Stored data:
==*==
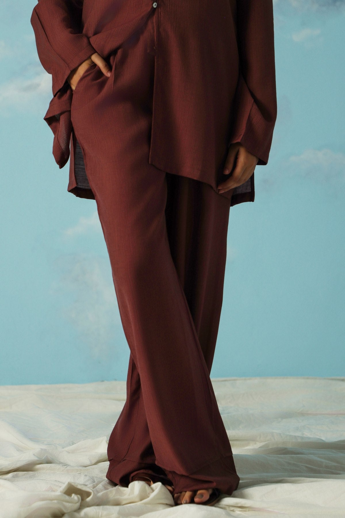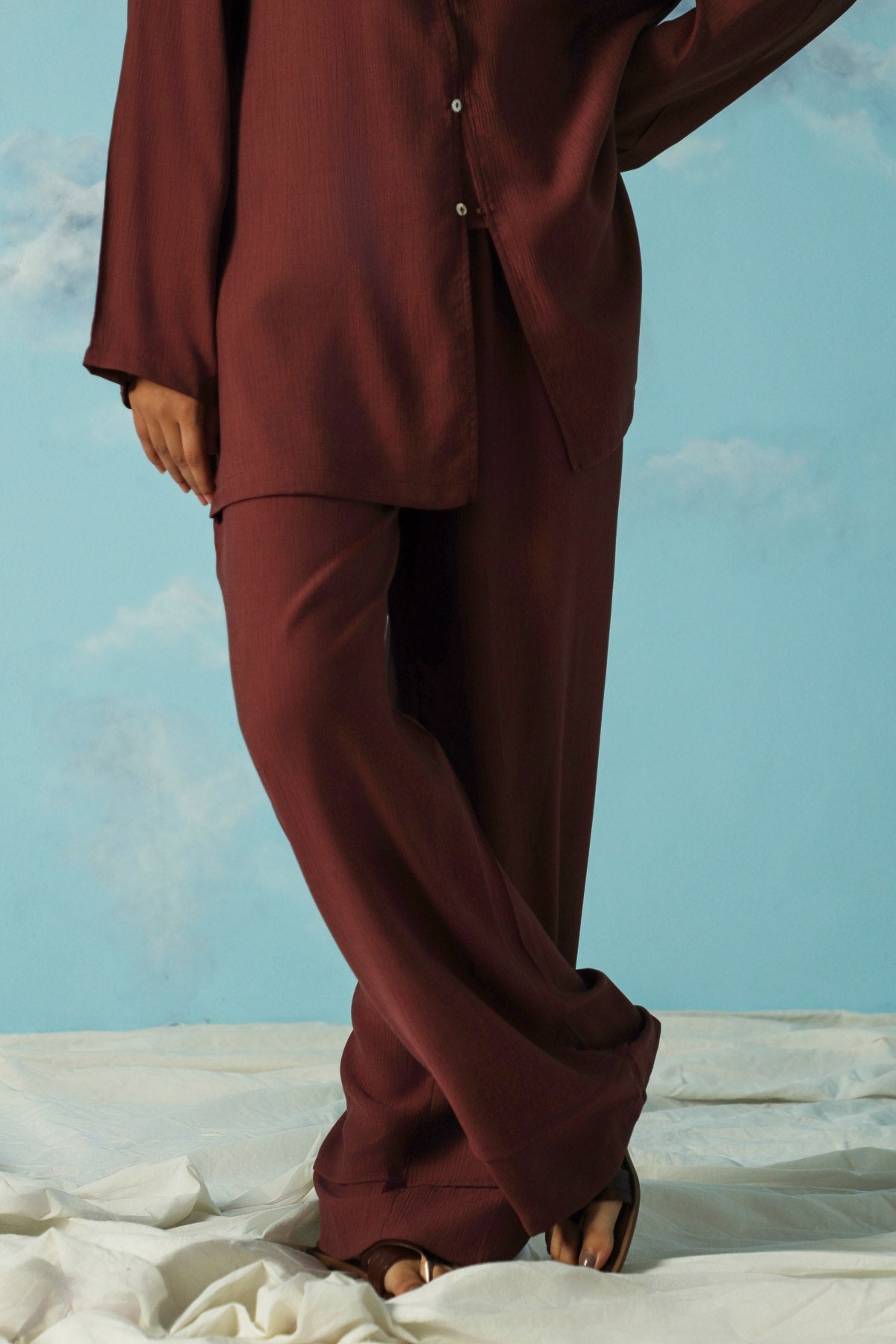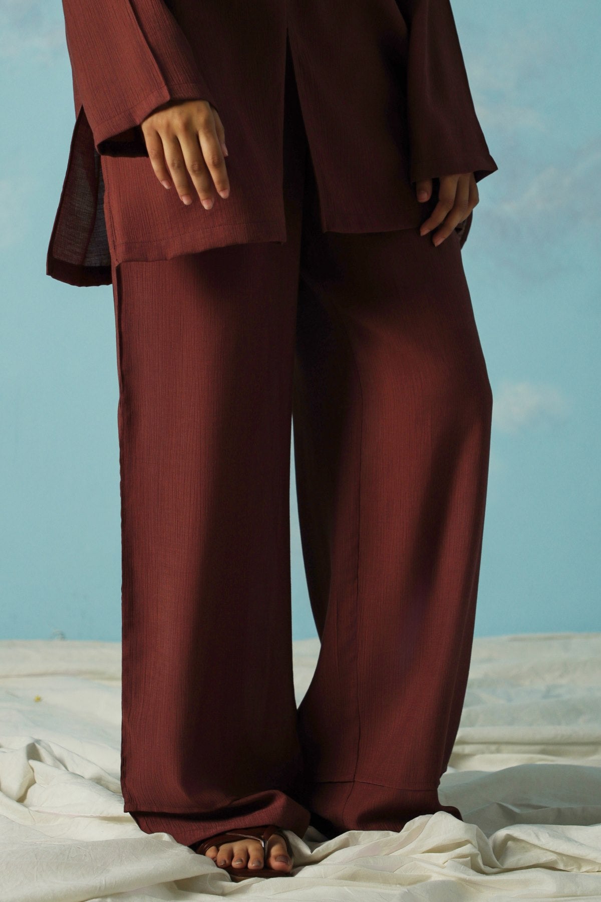 Design details: Relaxed fit pants with front side pockets, creased cut detail at bottom and an all around elasticated wasitband with drawstring.
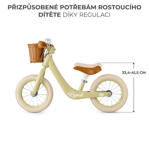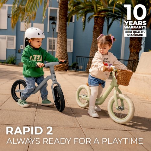 Pohodlné sedlo umožňuje široký rozsah nastavení výšky, takže kolo roste spolu s vaším dítětem. Kolo RAPID má také omezení obratu říditek, které chrání dítě před nekontrolovaným zatáčením při učení jízdy. A nízko posazený rám usnadňuje nasedání a sesedání. Balanční kolo RAPID, stejně jako každé jiné balanční kolo Kinderkraft, podporuje rozvoj rovnováhy a motoriky. Zároveň ve vašem dítěti vzbudí lásku k venkovním aktivitám.
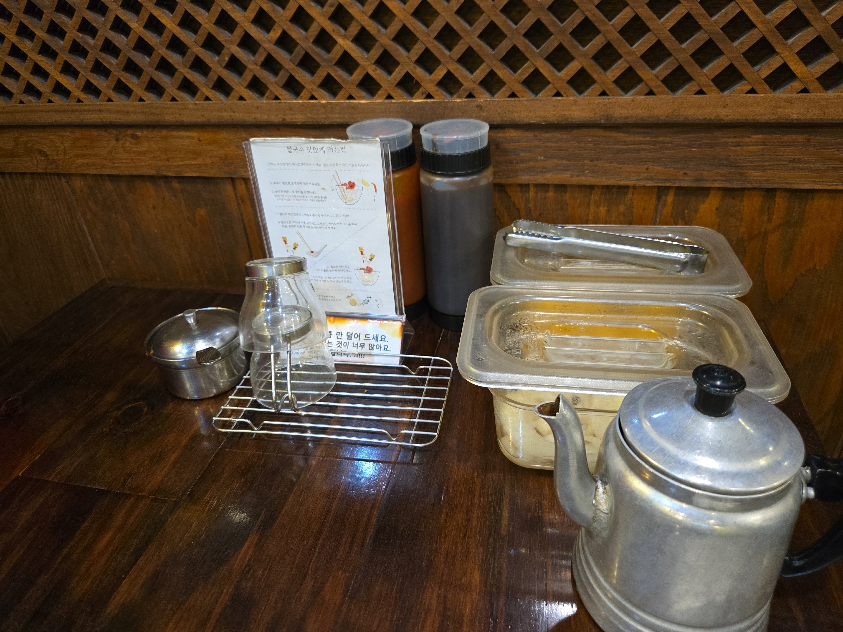 행당역 맛집 하노이 별 테이블에는 차와 컵, 단무지와 양파절임 그리고 쌀국수용 소스 2가지가 있습니다.
==*==
Task objective: Print every line of the data exactly. Pictures do not belong in the copy.

Task response:
 Design details: Relaxed fit pants with front side pockets, creased cut detail at bottom and an all around elasticated wasitband with drawstring.
 Pohodlné sedlo umožňuje široký rozsah nastavení výšky, takže kolo roste spolu s vaším dítětem. Kolo RAPID má také omezení obratu říditek, které chrání dítě před nekontrolovaným zatáčením při učení jízdy. A nízko posazený rám usnadňuje nasedání a sesedání. Balanční kolo RAPID, stejně jako každé jiné balanční kolo Kinderkraft, podporuje rozvoj rovnováhy a motoriky. Zároveň ve vašem dítěti vzbudí lásku k venkovním aktivitám.
 행당역 맛집 하노이 별 테이블에는 차와 컵, 단무지와 양파절임 그리고 쌀국수용 소스 2가지가 있습니다.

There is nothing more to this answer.